Installation is completed with a one-liner. If Node.js is not installed, it will be installed automatically. An interactive wizard (nemoclaw onboard) guides you through sandbox creation, inference settings, and security policy application all at once.

Main command.

nemoclaw onboard                # 初期セットアップウィザード
nemoclaw <name> connect         # サンドボックスへのシェル接続
nemoclaw <name> status          # ヘルス確認
nemoclaw <name> logs --follow   # ログストリーミング
openshell term                  # リアルタイムTUI監視

Hardware requirements are minimum 4 vCPU, 8 GB RAM, 20 GB Disk. The compressed size of the sandbox image is approximately 2.4 GB. In environments with less than 8 GB of RAM, we recommend 8 GB or more of swap.

macOS is supported on Apple Silicon through Colima or Docker Desktop. There is also a dedicated setup command (nemoclaw setup-spark) for DGX Spark that automatically fixes cgroup v2 compatibility issues on Ubuntu 24.04 + k3s.

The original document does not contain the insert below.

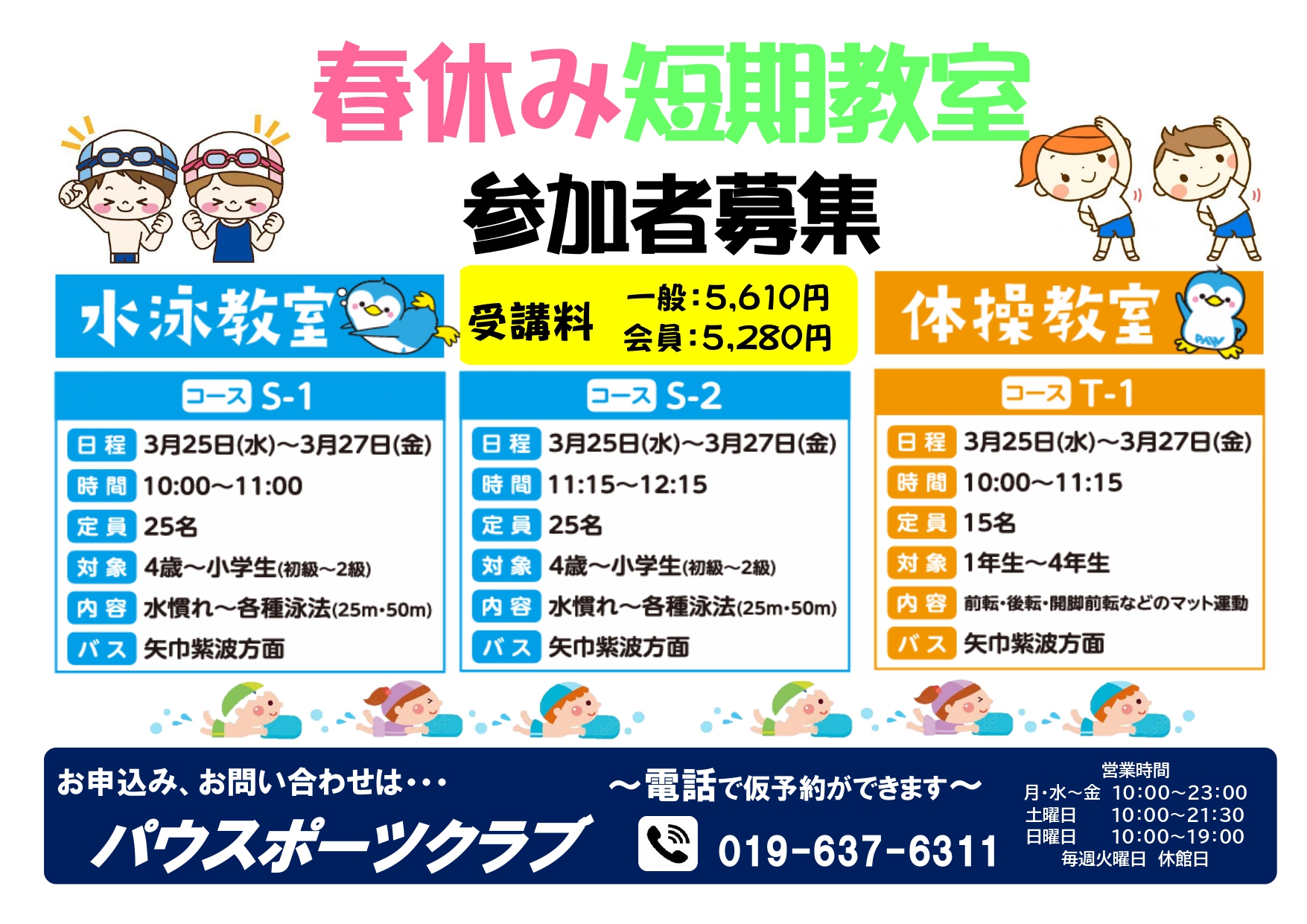 春休み短期教室のご案内 お知らせ,キッズ 2026年3月4日 いつもパウスポーツクラブをご利用いただきありがとうございます。 春休み短期教室を実施いたします。 水泳・体操ともに3日間コースを行います。 習い事が初めてのお子様にも参加しやすい日数ですので この機会にぜひ挑戦してみませんか? 皆様のご参加をお待ちいたしております!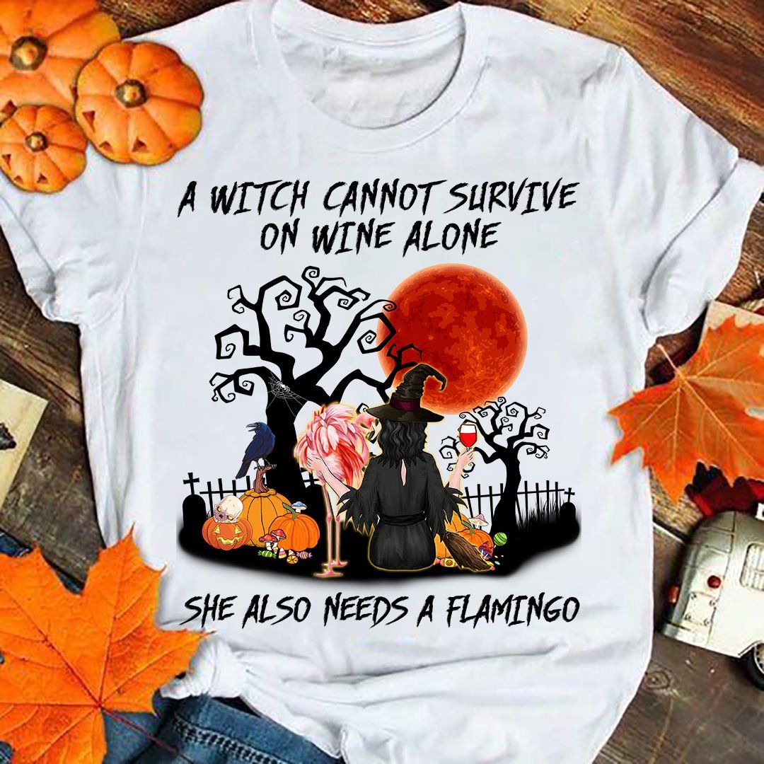 A Witch Cannot Survive On Wine Alone She Also Needs A Flamingo Halloween Shirt

Sandbox alone is not enough

NemoClaw is currently in Alpha status and not recommended for production use. The fact that it collected 10,000 Stars in four days after its release shows the great demand for a secure execution environment for agents.

However, as we have seen so far, sandboxing alone cannot cover the entire picture of agent security.

Threats	Can NemoClaw prevent this?	Additional measures required
File system destruction	Preventable (Filesystem layer)	—
Privilege escalation	Preventable (Process layer)	—
Unauthorized network connections	Preventable (Network layer)	—
API key leak (to authorized host)	Cannot be prevented	Do not pass private key to agent with MPP SPT
Prompt injection	Unpreventable	Model-level defenses such as Instruction Hierarchy
Malicious skill installation	Partial (integrity verification at Verify stage)	Strengthening skill marketplace screening
Memory poisoning	Unpreventable	Monitoring SOUL.md/MEMORY.md, DB-based memory storage
Uncontrollable billing/unauthorized use	Inference costs can be controlled	Maximum amount, expiration date, and merchant restrictions with MPP SPT

NemoClaw’s 4-layer security, MPP scope control of billing privileges, model-level defenses like Instruction Hierarchy, Local isolated execution. It’s not just a matter of combining all of them to get to the starting line.